“Ah Gwun, do you know the house in Zhongshan is about to collapse?” my Aunt Linda told me on the phone one day, calling me by my Chinese name.
“No,” I said in shock. “I thought our relatives had locked it up all these years.”
She was referring to our ancestral home, a nearly 90-year-old, two-storey brick house that looked modern in its earlier days but has a traditional southern Chinese interior, with gigantic black wooden front doors, a high wood-beam ceiling, and a hallway running almost to the back yard for air circulation in the hot and humid summer months. Before immigrating to the US, our family had lived in that house for generations. It’s in Zhongshan city, which is across an estuary from the now famous Shenzhen, “China’s first Silicon Valley,” in Guangdong province, southern China.
“Your mom wants your eldest sister to get everyone to relinquish their rights, so you and your sisters can inherit it and rent it for 30 years to a Taiwanese investor. He wants to repair it and turn it into a hotel,” said Aunt Linda.
My deceased grandmother and father had loved that house. I’ve lived in California, Hong Kong, mainland China, and Taiwan, but I’m the only one who has visited the house regularly over the years.
I convinced my mother and eldest sister that their plan to hire an agency in Oakland Chinatown, in California, to help us with the paperwork was a bad idea. Their staff didn’t seem to understand the paperwork that would allow us to transfer title from the older generation to us five sisters. And there was no way I would let that Taiwanese businessman turn my home into a hotel.
Initially, my family tried to talk me out of what they saw was a nonsensical idea.
“Just let it collapse! None of us are in China to live in it. What’s the use of repairing it?” one sister said.
“The amount of money you’ll have to spend on repairs would be better spent buying a new apartment in Zhongshan,” one aunt said. “Stop wasting your time. I can even give you money to demolish the whole thing and get it over with.”
My mom, who grew up under communism, said, “It should be given back to the government. In China, all land belongs to the country.”

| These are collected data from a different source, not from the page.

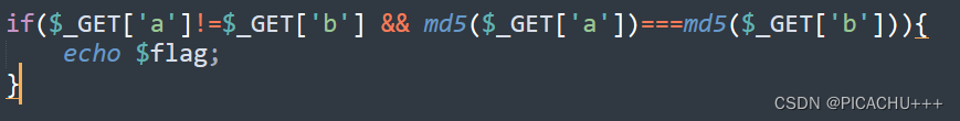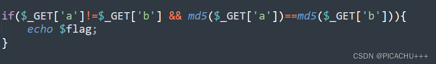 如果上面的“==”变成了“===”就不能成功了,但是仍然可以利用PHP的特性来进行,可以在URL栏中提交a[]=1&b=[]=2成功绕过,因为当我们令MD5函数的参数为一个数组的时候,函数会报错,并返回NULL值,虽然函数的参数时两个不同的数组,但是返回的值都是NULL。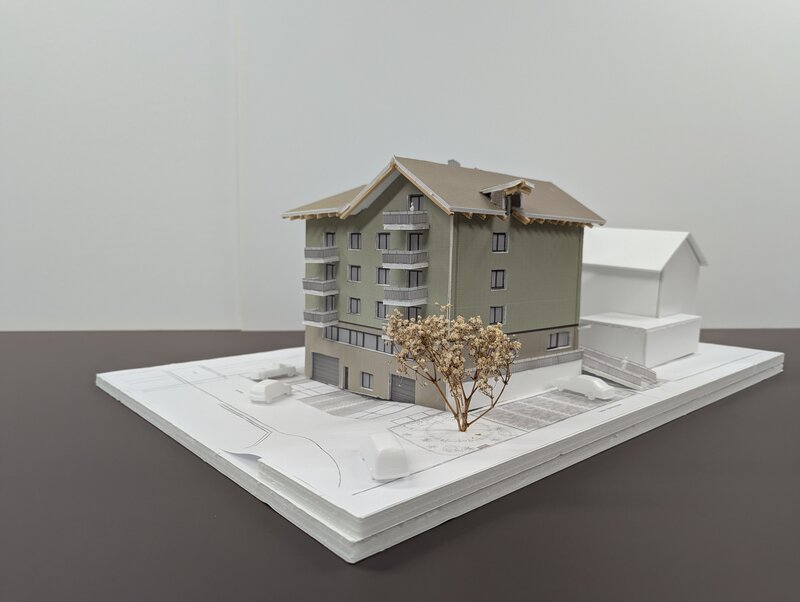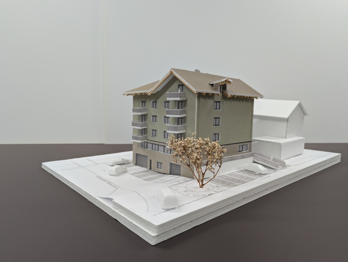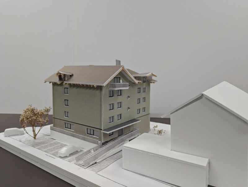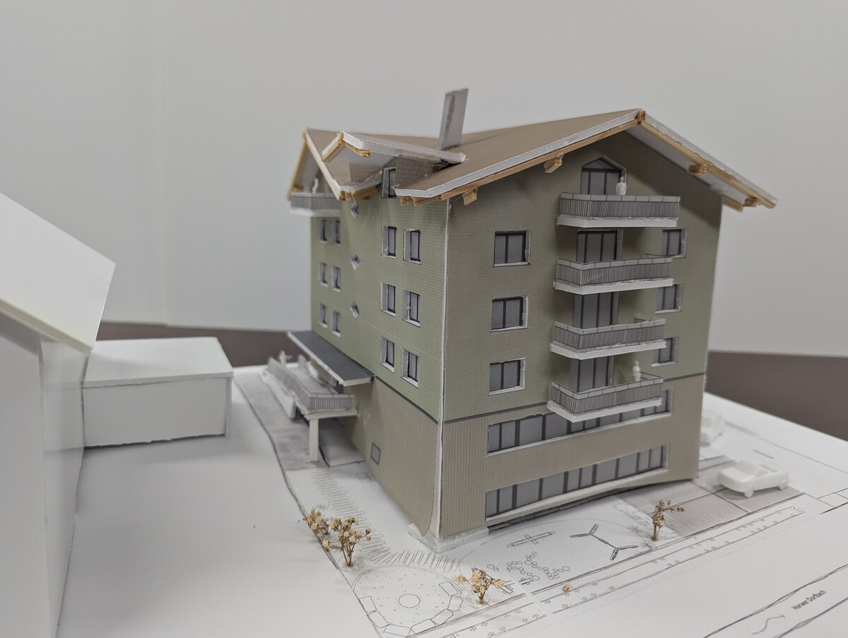 Da sich im Erdgeschoss diverse Nutzungen ansiedeln sollen, wird es in zwei Geschosse aufgeteilt. Im EG0 finden sich die Einstellhalle und Autolackierwerkstatt ein, während die darüberliegende Fläche für die Töpferei / Kreativwerkstatt vorgesehen ist. Eine klare Trennung, die auch in der Fassade sichtbar wird, trennt die Obergeschosse Wohnen vom Gewerberaum im Erdgeschoss. Das projektierte Steildach fügt sich harmonisch in die Umgebung ein. Die Hauptfirstrichtung verläuft, wie bei den meisten umliegenden Gebäuden Richtung Pilatus. Der Entscheid für ein Steildach wurde auch im Hinblick auf die Ausnützung des Bauvolumens getroffen. Denn die Bauvorschriften erlauben hiermit eine höhere Bebauung und durch eine geschickte Anordnung der Dachfläche, kann mehr Wohnraum geschaffen werden. Mit den zwei Firstrichtungen, die in T-Form verlaufen, wird die vermietbare Fläche im Dachgeschoss bis auf 7m2 nutzbar gemacht.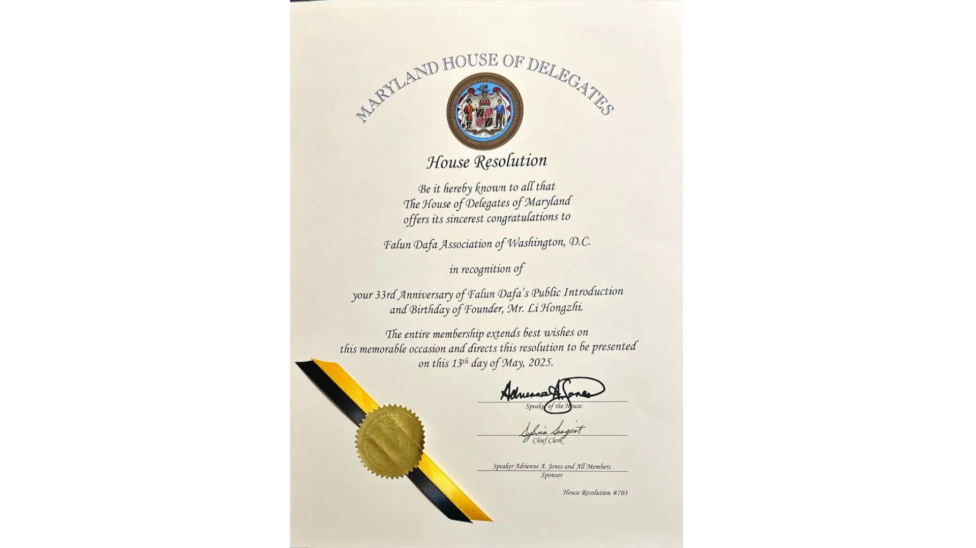 Để kỷ niệm Ngày Pháp Luân Đại Pháp Thế giới lần thứ 26 và 33 năm ngày Pháp Luân Đại Pháp được giới thiệu ra công chúng, Hạ viện Maryland đã ban hành nghị quyết Hạ viện 703 để tôn vinh ngày này và chúc mừng sinh nhật Đại sư Lý Hồng Chí, nhà sáng lập Pháp Luân Đại Pháp.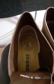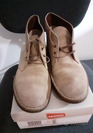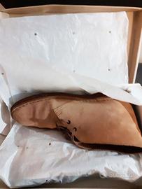 Un’icona senza tempo. Le Clarks Desert Boot Originals nascono negli anni ’50 e diventano subito simbolo di stile per intere generazioni: dai beatnik ai mod, fino alla scena Britpop e ai rude boys giamaicani. Linee pulite, design essenziale e materiali di qualità rendono questo modello ancora oggi immediatamente riconoscibile e intramontabile. Caratteristiche principali: Taglia 42 Tomaia in pelle scamosciata premium “Lupo” Design minimalista e artigianale Chiusura con lacci per una calzata regolabile Fodera in pelle traspirante Iconica suola in crepe naturale Condizioni: Usate poco, in ottime condizioni generali (ben tenute, pronte all’uso) Ideali per: outfit casual e smart casual appassionati di stile classico e senza tempo chi cerca una scarpa iconica e versatile Un vero classico, sempre attuale: qualità, comfort e stile in un’unica scarpa. Materiali (versione breve) Tomaia: pelle scamosciata oliata Fodera: pelle Suola: crepe naturale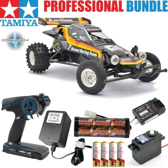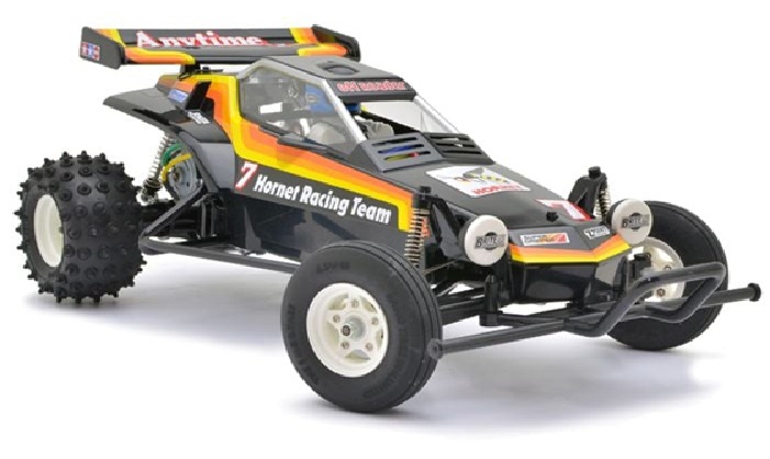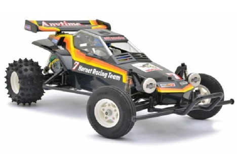 The Legend Lives On! The revolutionary 1984 2WD off-road buggy is back and more fun than ever before! The Hornet stands as one of Tamiya s most popular R/C cars ever released, helping launch a 2WD R/C buggy boom worldwide. Featuring excellent performance on both dirt and on-road tracks, this awesome buggy can take on any type of terrain. Just like the original, this re-release features an easy to assemble chassis and drivetrain consisting of a durable but lightweight ABS resin bathtub frame, diff gear loaded sealed gearbox, oil filled rear dampers, powerful RS 540 motor and high performance suspension system. The Hornet is perfect for those that used to have one, those that have always wanted one, and for those that want a revolutionary buggy that has earned its place in R/C history.
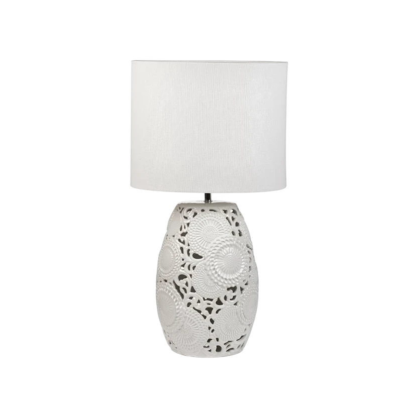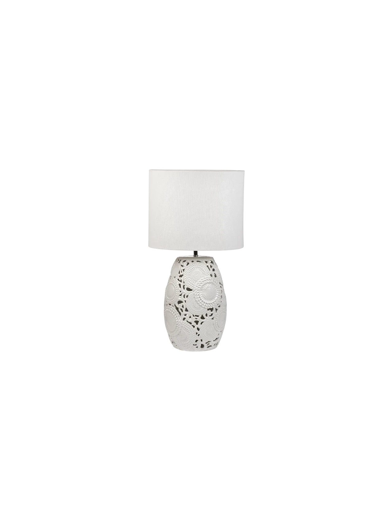 Lampada di Henriette della collezione Kyoto con base in porcellana bianca che ricorda il pizzo, elegante e raffinata.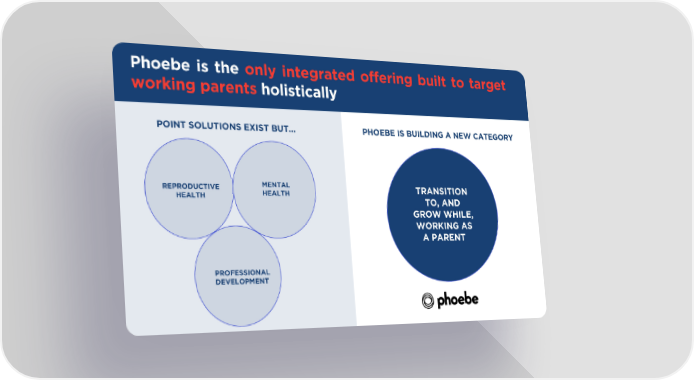Phoebe is the only integrated offering built to target working parents holistically PHOEBE IS BUILDING A NEW CATEGORY POINT SOLUTIONS EXIST BUT… MENTAL REPRODUCTIVE TRANSITION HEALTH HEALTH TO, AND GROW WHILE, WORKING AS A PARENT PROFESSIONAL DEVELOPMENT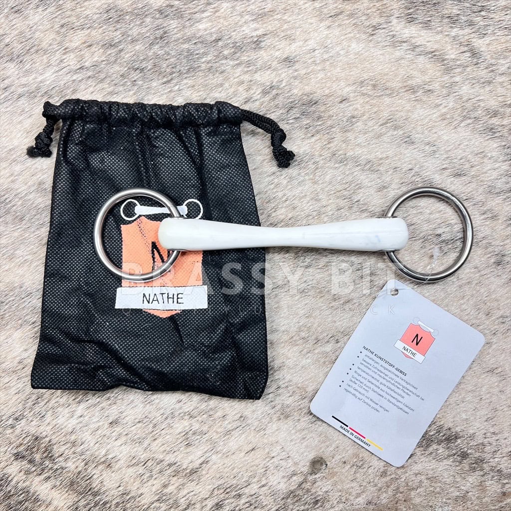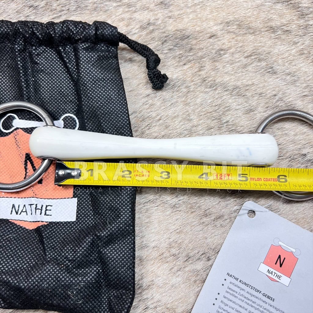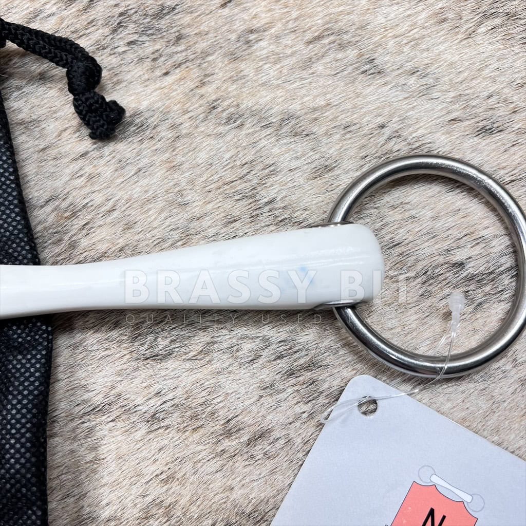 These bits are so popular for training, for horses who don’t care for metal materials in their mouths, or who need a very kind bit. Marked with an “N” at the cheek, this is a newer style with the brilliant pinchless rings. 5″ mouth, 20mm diameter, slightly smaller ring style (2 1/2″) with a bit of tapering in the center over the tongue. New with tags and in bag! Shows a couple minor marks on the mouth from storage.These are one of our favorite bits!

Indeed, why would a Chinese-American family care about an old dilapidated house when they had spent decades desperately trying to leave China for the US? My parents were so eager to leave that they even named my fourth sister “Fei” – “Fly”.
My father endured long waits during the years when there were no diplomatic relations between the two countries. It was only in 1976, at the end of the Cultural Revolution, that dad was allowed to immigrate to join his mother and sisters in California, and only in 1979 after Beijing and Washington finally established diplomatic ties that my mother, sisters and I were able to go to the US to join him.
In the Chinese housing boom of the past two decades, people have been abandoning their ancestral homes, even the people who stayed. Those old houses were looked down on as backward, and yes sometimes the plumbing wasn’t great, but they were built ingeniously to keep cool in the summer.
In China’s craze for modernisation, many traditional homes were razed, including the classical courtyard homes in hutongs or alleys in Beijing. Others were abandoned, including houses in Zhongshan that were a mix of western and Chinese architectural styles, reflecting the influence of overseas Chinese who had left to seek their fortune in California’s gold mines in the 1800s, or work as coolies in the European colonies in South-east Asia.
I argued with my family: “But Ah Gong Ah Poh [my grandparents] painstakingly built that home so we would have a roof over our heads!”
The land it sits on was one of three plots purchased by my great grandfather for his three sons. Even though he was just a poor farmer, he saved money from raising and selling pigs to build a two-storey brick house on his plot. Grandfather and grandmother poured all their savings into the house. When he died in his 40s, the family didn’t even have the money to buy a burial plot for him.
How could any of us think about giving up that house? They had built it not only for themselves, but for later generations. They had built it for us.